BEGIN DATA BLOCK

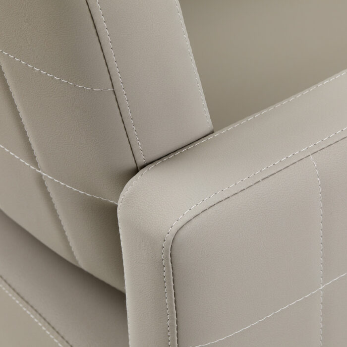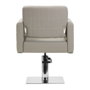 Solidna, płaska podstawa w kształcie kwadratu zapewnia stabilność w trakcie użytkowania. Gładka powierzchnia o lustrzanym wykończeniu nadaje elementowi elegancki wygląd i sprawia, że ten jest łatwy do utrzymania w czystości. Wygodne siedzisko wypełnione trwałą pianką zapewnia wysoki komfort użytkowania, nawet podczas wielogodzinnych zabiegów. Obite skórą syntetyczną podłokietniki z ozdobnymi przeszyciami są ciekawym wizualnie elementem, a co ważniejsze, pozwalają na prawidłowe ułożenie barków klienta. Sprawia to, że nie chowa on głowy w ramionach ani się nie garbi – wyraźnie ułatwia to wykonywanie precyzyjnych zabiegów, w tym strzyżenia. Wyposażenie fotela w mechanizm pełnego obrotu sprawia, że praca fryzjera staje się bardziej efektywna i wygodna.
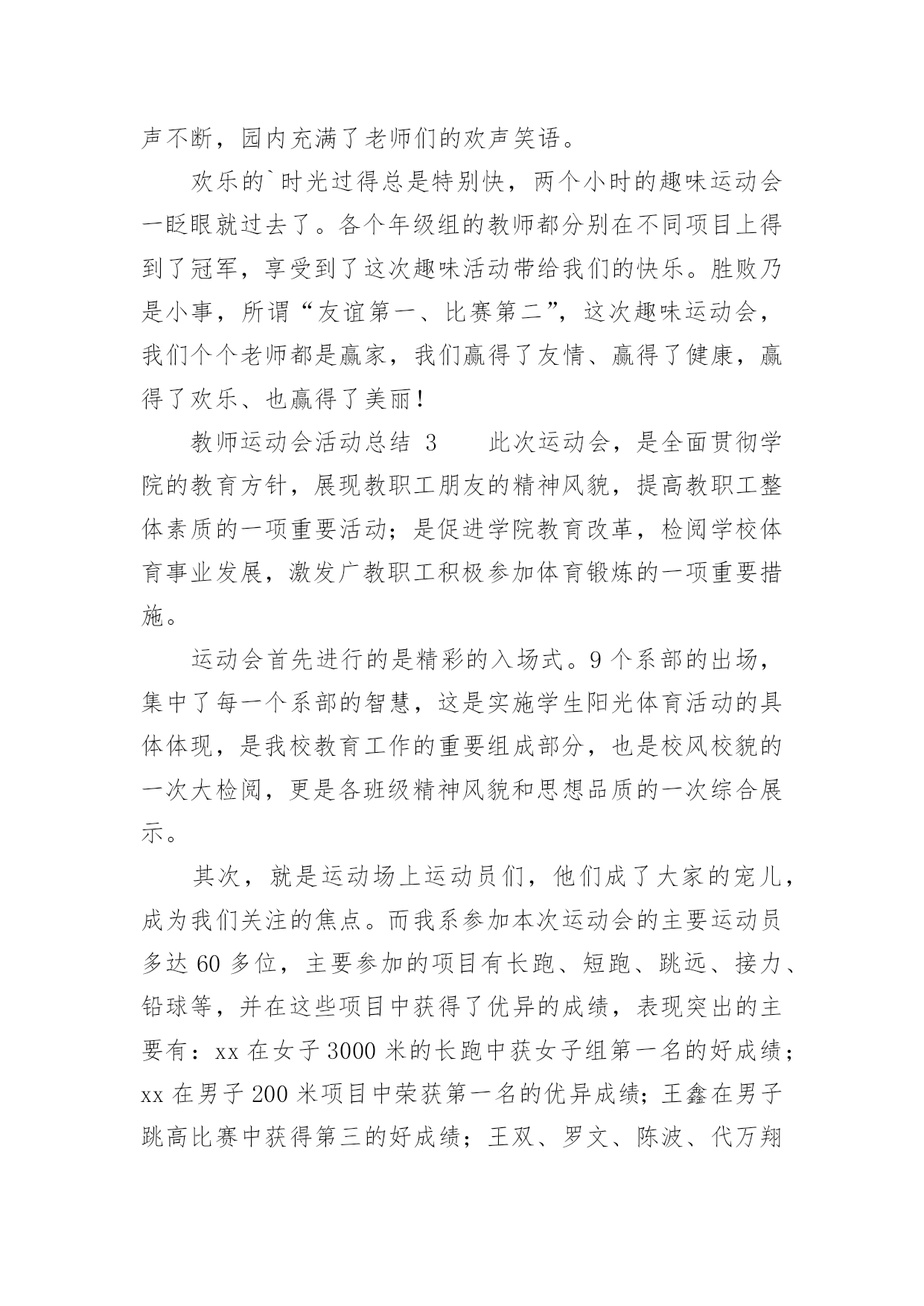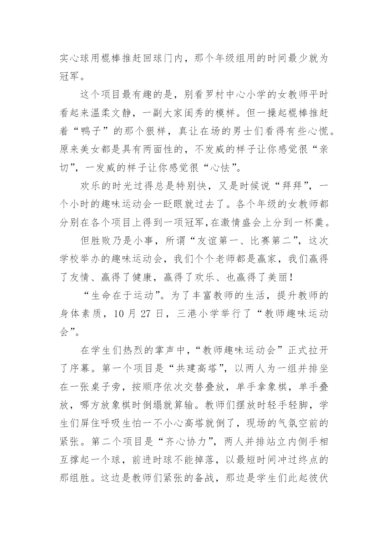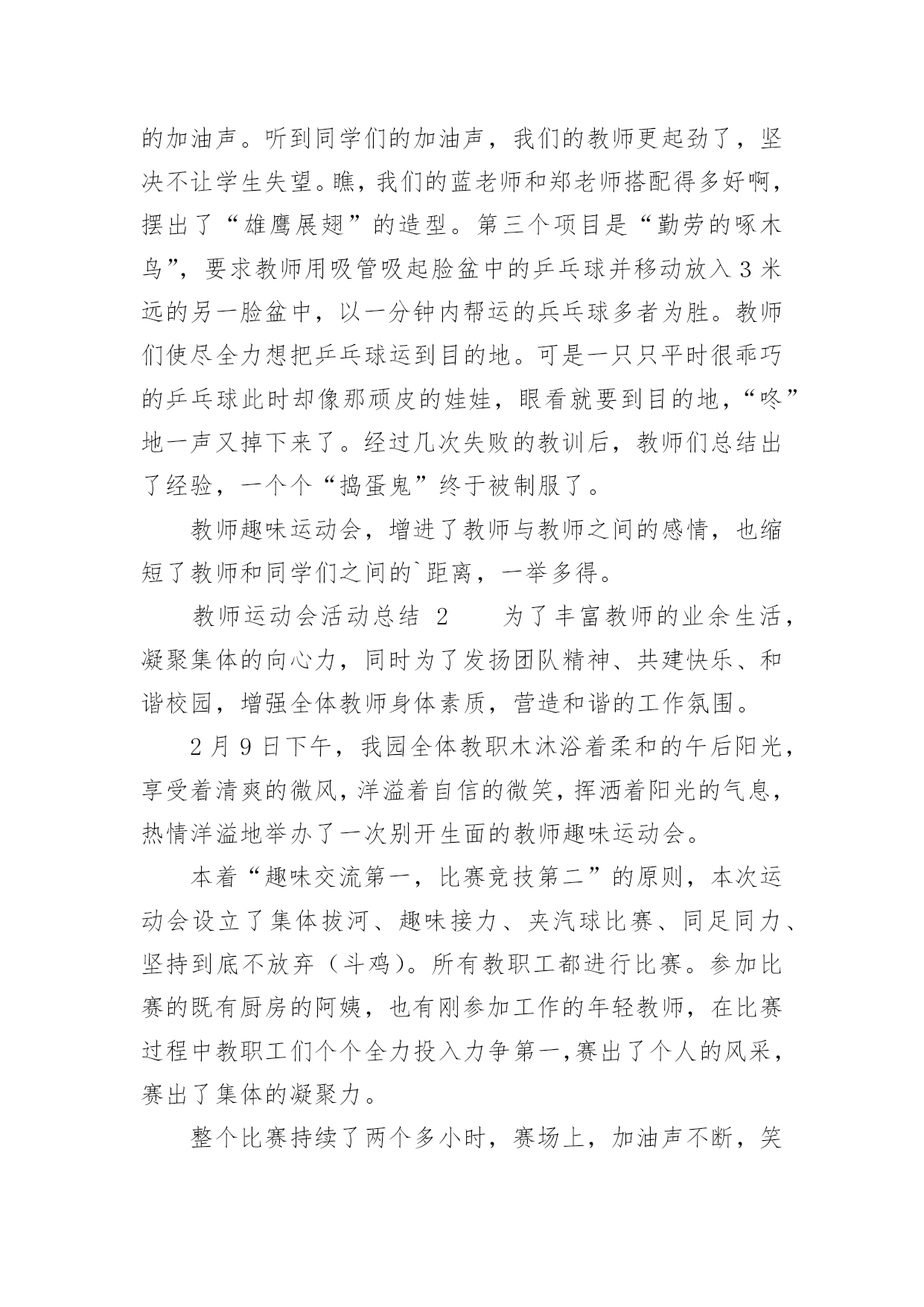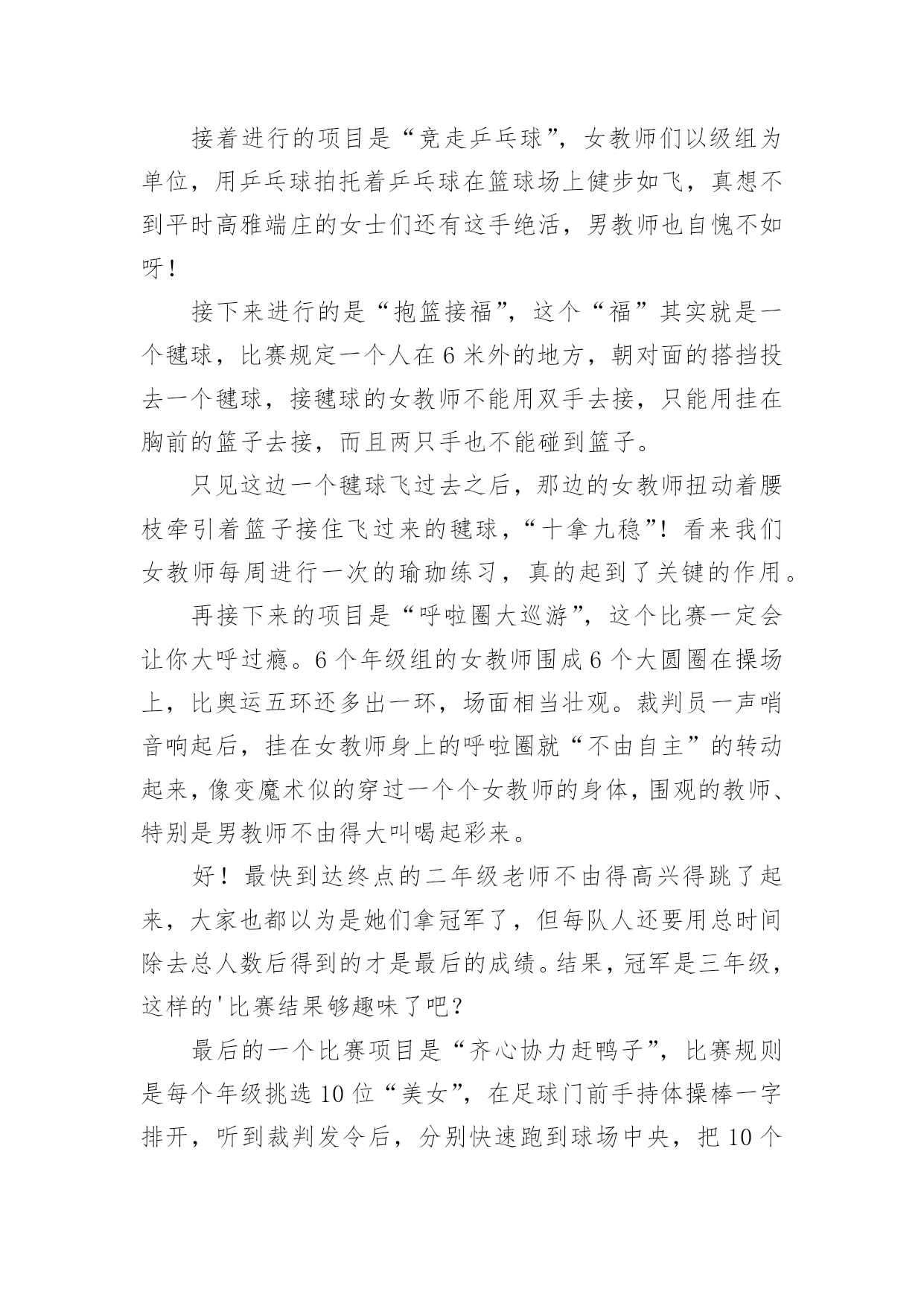教师运动会活动总结教师运动会活动总结(通用13篇)不经意间,一个活动就结束了,相信你一定有很多值得分享的经验,不如来好好的做个总结。那么活动总结应该包括什么内容呢?以下是小编帮大家整理的教师运动会活动总结,供大家参考借鉴,希望可以帮助到有需要的朋友。教师运动会活动总结1为了丰富广大教师的业余生活,凝聚集体的向心力,同时发扬亚运精神、增强身体素质,并深入践行学校绿色生态教育,营造和谐的工作氛围。罗村中心小学在12月14日举行了一次别开生面的教师趣味运动会。说它别开生面,是因为参赛的选手一律是女教师,裁判员一律是男教师。这次活动是罗村中心小学继开展了“激情盛会、和谐校园”田径运动会后,又一个大型的运动盛会。为了不影响学生的上课,老师们是选在放学后的时间里来举行盛会的,虽然只有短短的一个小时比赛过程,却把罗村中心小学全体教师那种团结协作、和谐进取的团队精神体现了出来,也把罗村中心小学女教师那种阳光健康、青春靓丽的整体形象绽放了出来。这次活动首先是进行“青春保龄球”项目比赛,这个项目的“趣味”体现在“保龄球”不是真的保龄球,而是一瓶瓶还没开盖的矿泉水,这些“保龄球”被女士们抛出的实心球撞得满场乱滚,惹来了满场的欢笑。接着进行的项目是“竞走乒乓球”,女教师们以级组为单位,用乒乓球拍托着乒乓球在篮球场上健步如飞,真想不到平时高雅端庄的女士们还有这手绝活,男教师也自愧不如呀!接下来进行的是“抱篮接福”,这个“福”其实就是一个毽球,比赛规定一个人在6米外的地方,朝对面的搭挡投去一个毽球,接毽球的女教师不能用双手去接,只能用挂在胸前的篮子去接,而且两只手也不能碰到篮子。只见这边一个毽球飞过去之后,那边的女教师扭动着腰枝牵引着篮子接住飞过来的毽球,“十拿九稳”!看来我们女教师每周进行一次的瑜珈练习,真的起到了关键的作用。再接下来的项目是“呼啦圈大巡游”,这个比赛一定会让你大呼过瘾。6个年级组的女教师围成6个大圆圈在操场上,比奥运五环还多出一环,场面相当壮观。裁判员一声哨音响起后,挂在女教师身上的呼啦圈就“不由自主”的转动起来,像变魔术似的穿过一个个女教师的身体,围观的教师、特别是男教师不由得大叫喝起彩来。好!最快到达终点的二年级老师不由得高兴得跳了起来,大家也都以为是她们拿冠军了,但每队人还要用总时间除去总人数后得到的才是最后的成绩。结果,冠军是三年级,这样的'比赛结果够趣味了吧?最后的一个比赛项目是“齐心协力赶鸭子”,比赛规则是每个年级挑选10位“美女”,在足球门前手持体操棒一字排开,听到裁判发令后,分别快速跑到球场中央,把10个实心球用棍棒推赶回球门内,那个年级组用的时间最少就为冠军。这个项目最有趣的是,别看罗村中心小学的女教师平时看起来温柔文静,一副大家闺秀的模样。但一操起棍棒推赶着“鸭子”的那个狠样,真让在场的男士们看得有些心慌。原来美女都是具有两面性的,不发威的样子让你感觉很“亲切”,一发威的样子让你感觉很“心怯”。欢乐的时光过得总是特别快,又是时候说“拜拜”,一个小时的趣味运动会一眨眼就过去了。各个年级的女教师都分别在各个项目上得到一项冠军,在激情盛会上分到一杯羹。但胜败乃是小事,所谓“友谊第一、比赛第二”,这次学校举办的趣味运动会,我们个个老师都是赢家,我们赢得了友情、赢得了健康,赢得了欢乐、也赢得了美丽!“生命在于运动”。为了丰富教师的生活,提升教师的身体素质,10月27日,三港小学举行了“教师趣味运动会”。在学生们热烈的掌声中,“教师趣味运动会”正式拉开了序幕。第一个项目是“共建高塔”,以两人为一组并排坐在一张桌子旁,按顺序依次交替叠放,单手拿象棋,单手叠放,哪方放象棋时倒塌就算输。教师们摆放时轻手轻脚,学生们屏住呼吸生怕一不小心高塔就倒了,现场的气氛空前的紧张。第二个项目是“齐心协力”,两人并排站立内侧手相互撑起一个球,前进时球不能掉落,以最短时间冲过终点的那组胜。这边是教师们紧张的备战,那边是学生们此起彼伏的加油声。听到同学们的加油声,我们的教师更起劲了,坚决不让学生失望。瞧,我们的蓝老师和郑老师搭配得多好啊,摆出了“雄鹰展翅”的造型。第三个项目是“勤劳的啄木鸟”,要求教师用吸管吸起脸盆中的乒乓球并移动放入3米远的另一脸盆中,以一分钟内帮运的兵乓球多者为胜。教师们使尽全力想把乒乓球运到目的地。可是一只只平时很乖巧的乒乓球此时却像那顽皮的娃娃,眼看就要到目的地,“咚”地一声又掉下来了。经过几次失败的教训后,教师们总结出了经验,一个个“捣蛋鬼”终于被制服了。教师趣味运动会,增进了教师与教师之间的感情,也缩短了教师和同学们之间的`距离,一举多得。教师运动会活动总结2为了丰富教师的业余生活,凝聚集体的向心力,同时为了发扬团队精神、共建快乐、和谐校园,增强全体教师身体素质,营造和谐的工作氛围。2月9日下午,我园全体教职木沐浴着柔和
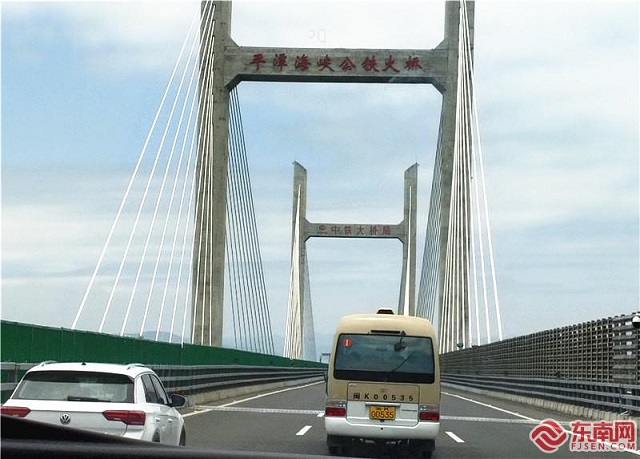 采访团车辆行驶在平潭海峡公铁大桥上。(东南网记者 张立庆 摄)

END DATA BLOCK

**TASK TO CARRY OUT:** The expected output is exactly the lines from the one containing "教师运动会活动总结教师运动会" through the last line of the listing, both included, with every picture left out.

**RESULT BELOW:**
教师运动会活动总结教师运动会活动总结(通用13篇)不经意间,一个活动就结束了,相信你一定有很多值得分享的经验,不如来好好的做个总结。那么活动总结应该包括什么内容呢?以下是小编帮大家整理的教师运动会活动总结,供大家参考借鉴,希望可以帮助到有需要的朋友。教师运动会活动总结1为了丰富广大教师的业余生活,凝聚集体的向心力,同时发扬亚运精神、增强身体素质,并深入践行学校绿色生态教育,营造和谐的工作氛围。罗村中心小学在12月14日举行了一次别开生面的教师趣味运动会。说它别开生面,是因为参赛的选手一律是女教师,裁判员一律是男教师。这次活动是罗村中心小学继开展了“激情盛会、和谐校园”田径运动会后,又一个大型的运动盛会。为了不影响学生的上课,老师们是选在放学后的时间里来举行盛会的,虽然只有短短的一个小时比赛过程,却把罗村中心小学全体教师那种团结协作、和谐进取的团队精神体现了出来,也把罗村中心小学女教师那种阳光健康、青春靓丽的整体形象绽放了出来。这次活动首先是进行“青春保龄球”项目比赛,这个项目的“趣味”体现在“保龄球”不是真的保龄球,而是一瓶瓶还没开盖的矿泉水,这些“保龄球”被女士们抛出的实心球撞得满场乱滚,惹来了满场的欢笑。接着进行的项目是“竞走乒乓球”,女教师们以级组为单位,用乒乓球拍托着乒乓球在篮球场上健步如飞,真想不到平时高雅端庄的女士们还有这手绝活,男教师也自愧不如呀!接下来进行的是“抱篮接福”,这个“福”其实就是一个毽球,比赛规定一个人在6米外的地方,朝对面的搭挡投去一个毽球,接毽球的女教师不能用双手去接,只能用挂在胸前的篮子去接,而且两只手也不能碰到篮子。只见这边一个毽球飞过去之后,那边的女教师扭动着腰枝牵引着篮子接住飞过来的毽球,“十拿九稳”!看来我们女教师每周进行一次的瑜珈练习,真的起到了关键的作用。再接下来的项目是“呼啦圈大巡游”,这个比赛一定会让你大呼过瘾。6个年级组的女教师围成6个大圆圈在操场上,比奥运五环还多出一环,场面相当壮观。裁判员一声哨音响起后,挂在女教师身上的呼啦圈就“不由自主”的转动起来,像变魔术似的穿过一个个女教师的身体,围观的教师、特别是男教师不由得大叫喝起彩来。好!最快到达终点的二年级老师不由得高兴得跳了起来,大家也都以为是她们拿冠军了,但每队人还要用总时间除去总人数后得到的才是最后的成绩。结果,冠军是三年级,这样的'比赛结果够趣味了吧?最后的一个比赛项目是“齐心协力赶鸭子”,比赛规则是每个年级挑选10位“美女”,在足球门前手持体操棒一字排开,听到裁判发令后,分别快速跑到球场中央,把10个实心球用棍棒推赶回球门内,那个年级组用的时间最少就为冠军。这个项目最有趣的是,别看罗村中心小学的女教师平时看起来温柔文静,一副大家闺秀的模样。但一操起棍棒推赶着“鸭子”的那个狠样,真让在场的男士们看得有些心慌。原来美女都是具有两面性的,不发威的样子让你感觉很“亲切”,一发威的样子让你感觉很“心怯”。欢乐的时光过得总是特别快,又是时候说“拜拜”,一个小时的趣味运动会一眨眼就过去了。各个年级的女教师都分别在各个项目上得到一项冠军,在激情盛会上分到一杯羹。但胜败乃是小事,所谓“友谊第一、比赛第二”,这次学校举办的趣味运动会,我们个个老师都是赢家,我们赢得了友情、赢得了健康,赢得了欢乐、也赢得了美丽!“生命在于运动”。为了丰富教师的生活,提升教师的身体素质,10月27日,三港小学举行了“教师趣味运动会”。在学生们热烈的掌声中,“教师趣味运动会”正式拉开了序幕。第一个项目是“共建高塔”,以两人为一组并排坐在一张桌子旁,按顺序依次交替叠放,单手拿象棋,单手叠放,哪方放象棋时倒塌就算输。教师们摆放时轻手轻脚,学生们屏住呼吸生怕一不小心高塔就倒了,现场的气氛空前的紧张。第二个项目是“齐心协力”,两人并排站立内侧手相互撑起一个球,前进时球不能掉落,以最短时间冲过终点的那组胜。这边是教师们紧张的备战,那边是学生们此起彼伏的加油声。听到同学们的加油声,我们的教师更起劲了,坚决不让学生失望。瞧,我们的蓝老师和郑老师搭配得多好啊,摆出了“雄鹰展翅”的造型。第三个项目是“勤劳的啄木鸟”,要求教师用吸管吸起脸盆中的乒乓球并移动放入3米远的另一脸盆中,以一分钟内帮运的兵乓球多者为胜。教师们使尽全力想把乒乓球运到目的地。可是一只只平时很乖巧的乒乓球此时却像那顽皮的娃娃,眼看就要到目的地,“咚”地一声又掉下来了。经过几次失败的教训后,教师们总结出了经验,一个个“捣蛋鬼”终于被制服了。教师趣味运动会,增进了教师与教师之间的感情,也缩短了教师和同学们之间的`距离,一举多得。教师运动会活动总结2为了丰富教师的业余生活,凝聚集体的向心力,同时为了发扬团队精神、共建快乐、和谐校园,增强全体教师身体素质,营造和谐的工作氛围。2月9日下午,我园全体教职木沐浴着柔和
 采访团车辆行驶在平潭海峡公铁大桥上。(东南网记者 张立庆 摄)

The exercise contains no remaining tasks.